If a mass difference corresponds to a known PTM not already annotated in
UniProtKB/Swiss-Prot, "intelligent"
rules are applied that examine the sequence of the peptide of interest
and make predictions as to what
amino acid in the peptide is likely to carry the modification.
Input parameters
- Protein Sequence to be characterized
You should specify the sequence of
the protein you would like to characterize and for which you have determined
a set of peptide masses. If this protein is known in UniProtKB/Swiss-Prot or UniProtKB/TrEMBL, enter the
UniProtKB/Swiss-Prot ID code (e.g. TKN1_HUMAN) or the protein accession number (e.g. P20366).
If the protein is not known in the UniProtKB/Swiss-Prot and UniProtKB/TrEMBL databases, you can enter the sequence of your
protein of interest, in single letter amino acid code, in either upper or lower case.
In the case of a manually entered sequence, the user is required to specify the biological
source of the query protein. This
information is used to determine whether certain PTMs are likely to occur
in the sequence.
Protein sequences from other sources (e.g. word processor programs or
other Web pages) can be copied and pasted directly into this field.
If there are spaces in your sequence,
these will be ignored.
Note that the characters O and U are not considered and will give an error message. However, the residue J will be
treated as either Ile or Leu, which have the same average and monoisotopic masses.
The characters B, X, or Z (see Comment 5 of the
Compute pI/Mw documentation) are accepted, but no masses are computed for
peptides containing one or more of
these characters.
- Peptide Masses
Enter the experimentally measured peptide masses generated from the unknown protein
in the «
Enter a list of peptide masses...»text field, and separate them by spaces, tabs or new lines.
Note!
You can copy a list of peptides from Excel or other applications and paste them
directly into the text field.
Note!
Avoid using peptide masses known to be from autodigestion of an enzyme (e.g.
trypsin!), or other artefactual peaks (e.g. matrix peaks).
Upload a .pkm, .dta or text file
If the peptide mass fingerprinting data is stored in a file of one of the formats
listed below, you can also upload the file directly from your computer:
(1) Click on the on the «Browse...»button
(2) Select the file containing the relevant peptide mass data and
(3) Click on the «Open» button
The peptide masses will then be extracted automatically from this file.
Supported formats:
(1) .pkm format, produced by the Voyager software of Perseptive Biosystems or the GRAMS software:
OP=0
Center X Peak Y Left X Right X Time X Mass Difference Name
STD.Misc Height Left Y Right Y %Height,Width,%Area,%Quan,H/A
833.319 2189 833.260 833.378 0.016 0 0
C0.? 0 762 762
854.843 5078 854.769 854.917 0.001 0 0
C0.? 0 3453 3453
863.419 5108 863.064 863.775 0.001 0 0
C0.? 0 3567 3567
872.402 12519 872.347 872.456 0.002 0 0
C0.? 0 11417 11417
874.395 6730 874.331 874.460 0.002 0 0
C0.? 0 3559 3559
887.786 5903 887.540 888.031 0.003 0 0
C0.? 0 4131 4131
898.475 3329 898.416 898.534 0.006 0 0
C0.? 0 1377 1377
904.366 7432 904.199 904.533 0.001 0 0
C0.? 0 5596 5596
955.300 2598 955.229 955.371 0.011 0 0
C0.? 0 1089 1089
973.845 16689 973.749 973.941 0.001 0 0
All lines before the line containing ‘H/A’ are ignored.

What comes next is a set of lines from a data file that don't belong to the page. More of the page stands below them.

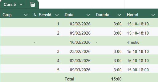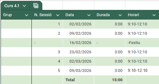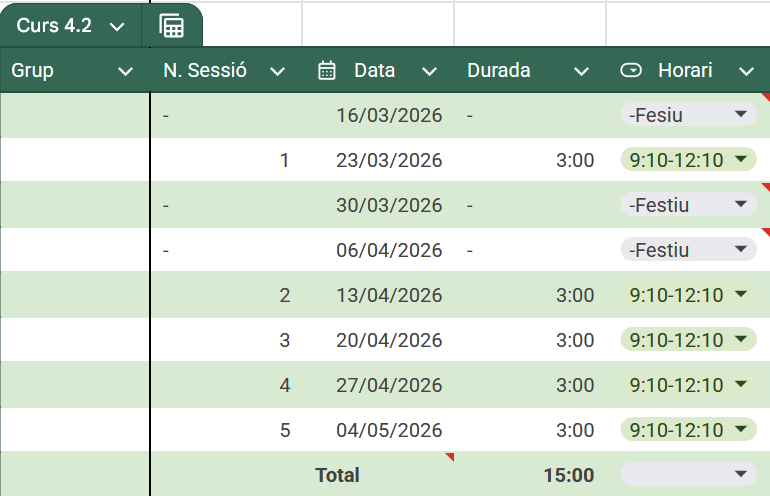Curs 4. Digitalització aplicada a l’entorn professionalAquest curs consta de dos mòduls: gestió de dispositius i dades mitjançant tecnologies habilitadores digitals i gestió de continguts mitjançant tecnologies habilitadores digitals Durada: 30 hores (2 mòduls formatius de 15 hores) (Dilluns matí, de les 9:10 h a les 12.10 h)
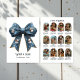 Celebrate your favourite memories with this festive flat holiday card featuring a charming blue bow adorned with snowmen and snowflakes. The front highlights “What a Year!” while the back includes a customisable year in review photo collage and captions. A cheerful way to share highlights and holiday wishes with family and friends.
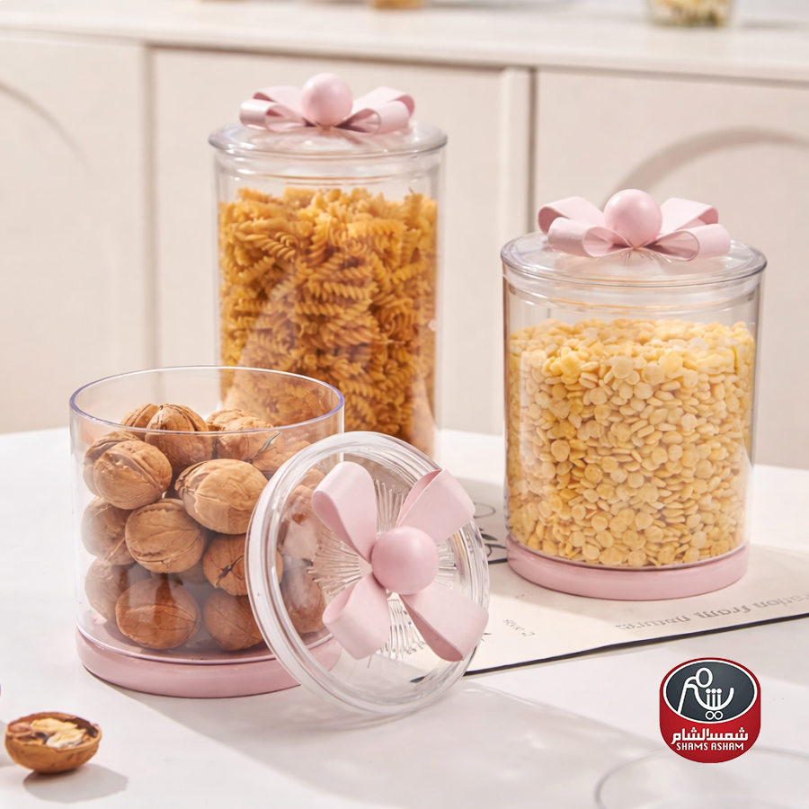 مرتبان بلاستيك شفاف بغطاء محكم تصميم ربطة أنيق، مثالي لحفظ البقوليات والمكسرات والمعكرونة مع الحفاظ على الطزاجة، عملي وسهل التنظيف ويضيف ترتيب وجمال للمطبخ
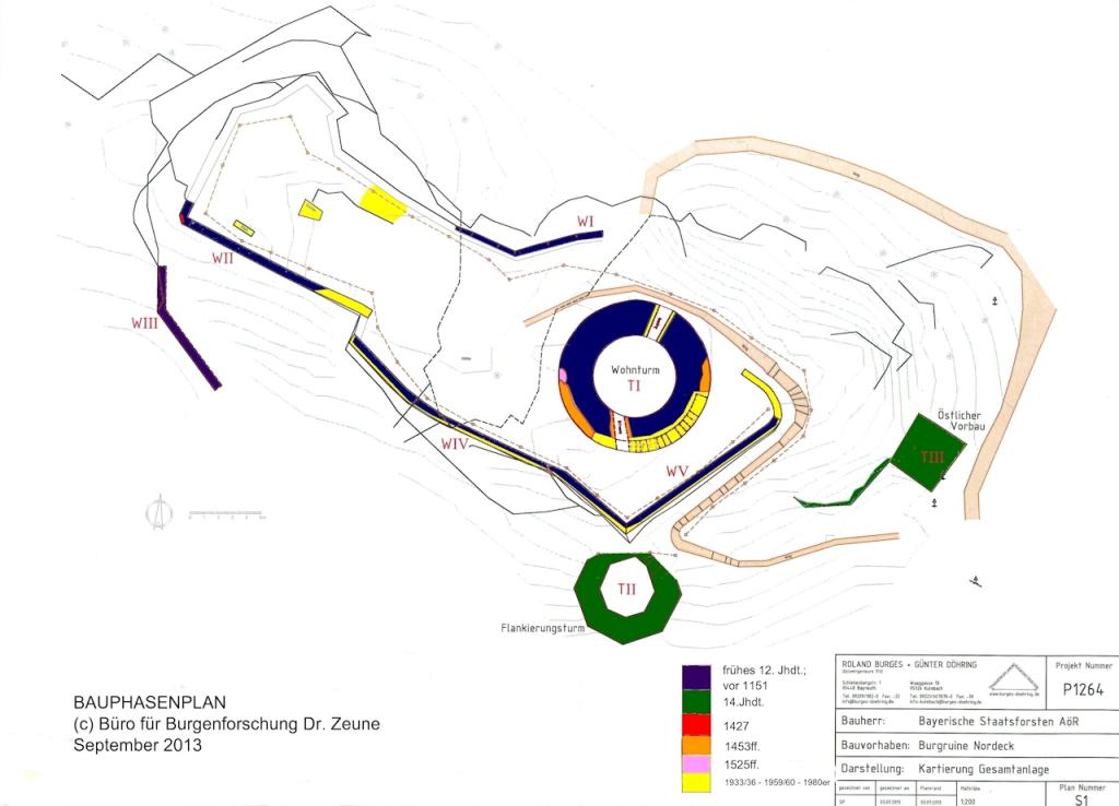 Ein höher gelegener, 1362 erwähnter Burgstall diente wohl dem 1104 erwähnten Timo von Nordeck als Sitz und wurde wohl bald nach 1115 von den Grafen von Henneberg durch eine neue, tiefer gelegene Burg ersetzt. Von dieser frühen Steinburg haben sich beachtliche Teile der Umwehrung, Fragmente eines Zwingers entlang der Südwest- und Südostseite sowie die nördliche Hälfte eines runden Wohnturms erhalten, gekennzeichnet durch gut behauenes und geschichtetes Handquadermauerwerk. Bergseitig existierte jenseits des Halsgrabens ein Vorwerk. Vermutlich im 14. Jahrhundert wurde die durch Überhöhung stark gefährdete Frontseite mit einem Achteckturm gesichert. Der Wohnturm zeigt Spuren umfassender Zerstörungen, die nach 1427 zur Neuerrichtung der Südhälfte und nach 1453 zu einer Aufstockung führten. Etliche Kastenamtsrechnungen von 1500/01 bis 1524/25 übermitteln viele interessante bauliche Details wie einen gedeckten Steg zwischen Kemenate und Palas sowie eine externe Wasserversorgung durch Tonröhren, weiterhin die Existenz eines Sommerhäusleins.
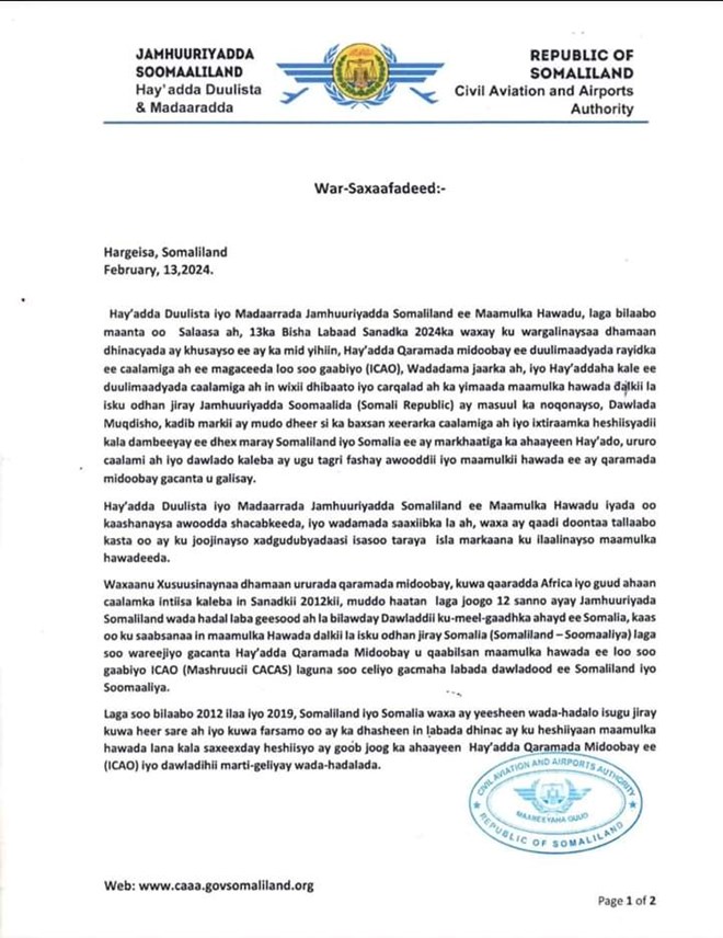 Talaado, February, 13, 2024 (HOL) - Somaliland ayaa sheegtay in dowlada Soomaaliya ay si qaldan uga faa'iidaysatay gacan ku haynta maamulka hawada.
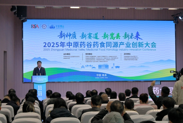 12月19日,2025年中原药谷药食同源产业创新大会在河南省洛阳市嵩县举行。大会以“新种质、新赛道、新嵩县、新未来”为主题,汇聚院士专家、行业协会代表、企业及金融机构负责人等,共商药食同源产业创新发展新路径,助力中原药谷高质量发展。
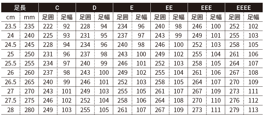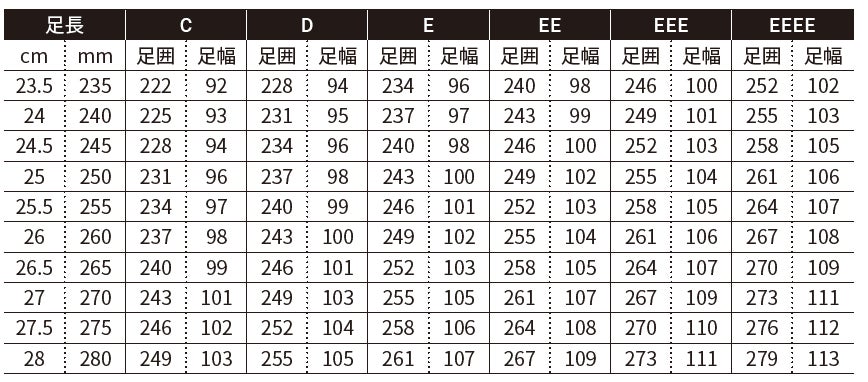 サイズ(足長):23.5 - 28cm(0.5cm 刻みの10 サイズ)
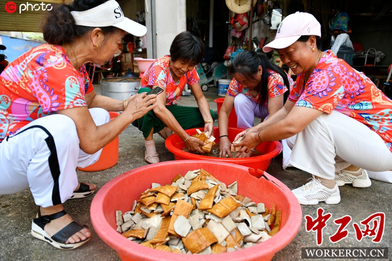 2020年7月14日上午,在位于江西省鄱阳县鄱阳镇朱家桥村至江家岭村的昌江圩堤外,浑浊的昌江水几乎与加固加高的圩堤持平,多名救援人员顶着烈日正在填装沙袋,加固昌江圩堤。堤下的朱家桥村,一支“奶奶”们自发组织起来的服务队,为官兵们做起了米饺,煮上了绿豆汤。采买完成后,回到村里开始准备米饺馅。服务队有十多个成员,最大的66岁,大都已经有了孙辈。图片来源:王祺/IC photo
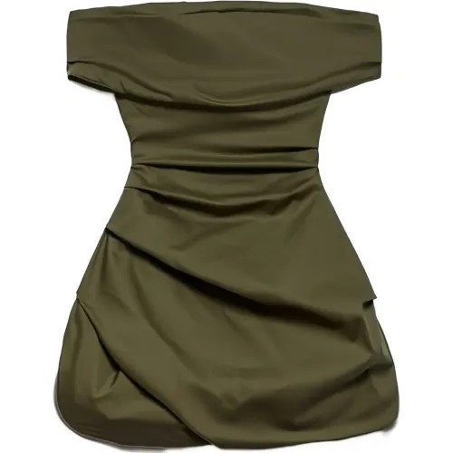 хаки, драпировка, дизайн с открытыми плечами, застежка-молния сзади

After that, only lines which do not contain any capital letters in the first 20 characters
are retained. From the retained lines, the first column is interpreted as the mass.
(2) Sequest format:
1.001
833.319 2189
844.333 0.0
854.843 5078
863.419 5108
872.402 12519
874.395 6730
887.786 5903
898.475 3329
899.555 0.0
904.366 7432
955.300 2598
973.845 16689
The first line is considered as a comment and is ignored.
All subsequent lines are interpreted to contain a mass and an intensity (if any), and mass values are taken into
account if the corresponding intensity is > 0.
(3) Any user-created files can be uploaded if they correspond to the following rules:
The first line does not contain any mass value (if it does, this mass value is
ignored).
Lines containing masses must start with the mass, and the first 20 characters must
not contain any uppercase letters.
>my file
833.319
854.843
863.419
872.402
874.395
887.786
898.476
904.366
955.300
973.845
Note!
The upload option only works if you see a 'browse' button next to the text
entry field. This should be the case for most recent web browser versions, e.g.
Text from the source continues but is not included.